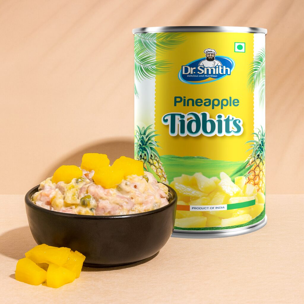 Experience the juiciest pineapple tidbits in India with Dr. Smith. Bursting with tropical sweetness and vibrant flavor, these perfectly cut pineapple pieces are gently processed to lock in their natural freshness and aroma. Ideal for Indian kitchens, HoReCa, bakeries, and international cuisines, they add a refreshing twist to desserts, mocktails, salads, pizzas, biryanis, and grilled dishes. Their bright color, soft bite, and juicy texture make every recipe pop with flavor.
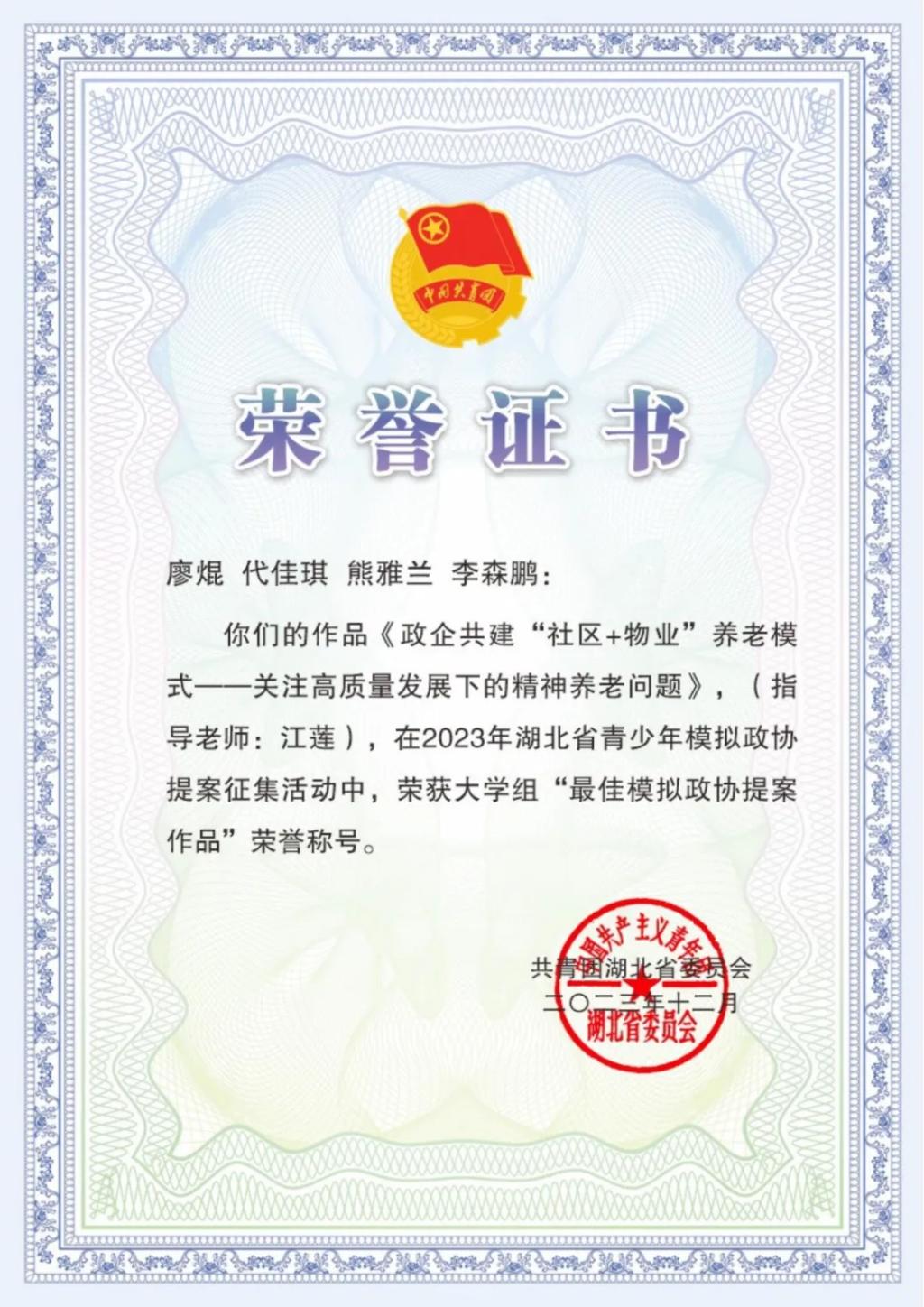 为深入学习宣传贯彻党的二十大精神,引导广大青少年有序参与社会主义民主政治实践,准确理解全过程人民民主内涵实质,领悟新时代伟大变革背后的“制度密码”。304永利集团学子积极参与2023年湖北省青少年模拟政协提案征集活动。其中一组作品荣获大学组“最佳模拟政协提案作品”荣誉称号。让我们一起看看吧!
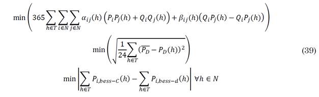 Where (P ̅ D) and PD(h) are the mean demand and the actual demand at h th hour. P i,bess-C (h) and P i,bess-C (h) represent the BESS charging and discharging power in the node i and hour h respectively.

▶ [Your instructions]: Pictures aside, write out verbatim every line from the first line of the material through the line holding "为深入学习宣传贯彻党的二十大".

▶ [Exercise output]:
 Experience the juiciest pineapple tidbits in India with Dr. Smith. Bursting with tropical sweetness and vibrant flavor, these perfectly cut pineapple pieces are gently processed to lock in their natural freshness and aroma. Ideal for Indian kitchens, HoReCa, bakeries, and international cuisines, they add a refreshing twist to desserts, mocktails, salads, pizzas, biryanis, and grilled dishes. Their bright color, soft bite, and juicy texture make every recipe pop with flavor.
 为深入学习宣传贯彻党的二十大精神,引导广大青少年有序参与社会主义民主政治实践,准确理解全过程人民民主内涵实质,领悟新时代伟大变革背后的“制度密码”。304永利集团学子积极参与2023年湖北省青少年模拟政协提案征集活动。其中一组作品荣获大学组“最佳模拟政协提案作品”荣誉称号。让我们一起看看吧!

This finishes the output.